JFASI

11th November 2005 17:02 UTC

where am i going wrong???
Ok, so I got a problem. Something i'm making involves creating random quadrilaterals.

Here's my scope code:

Init

n=5

Frame

nr=0

Beat

cx1=rand(100)/100-.5;
cx2=rand(100)/100-.5;
cx3=rand(100)/100-.5;
cx4=rand(100)/100-.5;

cy1=rand(100)/100-.5;
cy2=rand(100)/100-.5;
cy3=rand(100)/100-.5;
cy4=rand(100)/100-.5;

Point

nr=nr+1;

x1=if(equals(nr,1),cx1,x1);
x1=if(equals(nr,2),cx2,x1);
x1=if(equals(nr,3),cx3,x1);
x1=if(equals(nr,4),cx4,x1);

y1=if(equals(nr,1),cy1,y1);
y1=if(equals(nr,2),cy2,y1);
y1=if(equals(nr,3),cy3,y1);
y1=if(equals(nr,4),cy4,y1);

x=x1;y=y1


no matter what I do, it flops. This isn't a one shot problem.

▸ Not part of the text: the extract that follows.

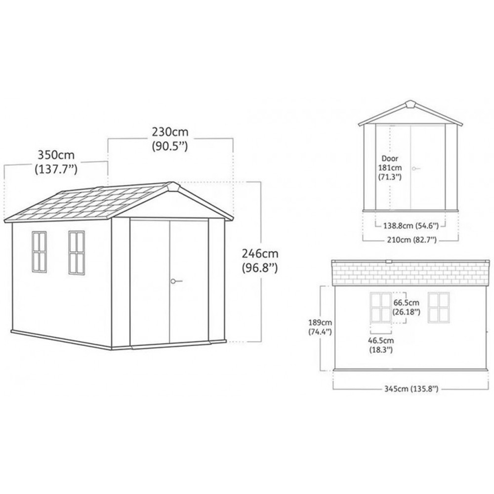 A Newton Plus 11 x 7,5 kerti ház tökéletes megoldás, ha biztonságos, rendezett és tartós tárolóhelyre van szükség. Külső méretei: 230 cm (szélesség) x 350 cm (hosszúság) x 246 cm (magasság). A tágas belső tér elegendő helyet biztosít a kerti és műhelyeszközöknek, sportfelszereléseknek és grillkellékeknek. Az EvoTech anyagnak köszönhetően időjárásálló és karbantartásmentes, így nem kell aggódnod a festés vagy impregnálás miatt.

I'm probably doing something conceptually wrong, but I can't find it.

Tuggummi

11th November 2005 18:48 UTC

*ahem* "equals"?

eheiney

11th November 2005 18:50 UTC

I'll give you one little hint. equals() is not a function. ;)

JFASI

11th November 2005 19:17 UTC

Ooooooops.


:confused: The one thing I didn't check, either :confused:


Thanks





Now how can I extend this to more than 4 points...

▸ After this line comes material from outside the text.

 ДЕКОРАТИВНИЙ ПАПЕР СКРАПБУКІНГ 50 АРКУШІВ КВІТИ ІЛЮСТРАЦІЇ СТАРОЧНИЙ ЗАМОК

Is there anything in the syntax that would mean:

cx(nr)

?

Hmmmm. I could take the code out of the Beat, and use the b variable...

UIUC85

11th November 2005 23:00 UTC

Theres no way to make new arrays like what you're describing. However if you look at the help you do have megabuf() and loop() at your command. So you could try something like...

init:
n=8;

frame:
nr=0;

beat:
loop(2*n,exec2(assign(nr,nr+1),assign(megabuf(nr),rand(100)/100-.5)));
assign(megabuf(n),megabuf(1));
assign(megabuf(n+1),megabuf(2*n));

point:
nr=nr+1;
x=megabuf(nr);
y=megabuf(nr+n);

Now you can change n to whatever you want and get a random shape with n-1 sides!

JFASI

14th November 2005 03:01 UTC

Ah... I think I get loop better. Does it force the section to be repeated for whatever amount of time you make it? That would make things easier for me...

UIUC85

14th November 2005 04:59 UTC

yeah it'll execute the statement it is paired with that many times or in this case 2*n. Since there's n x values and n y values then you need 2*n values and to close off the shape you have the last and first values of x's and y's be the same which is why the statements below it are there.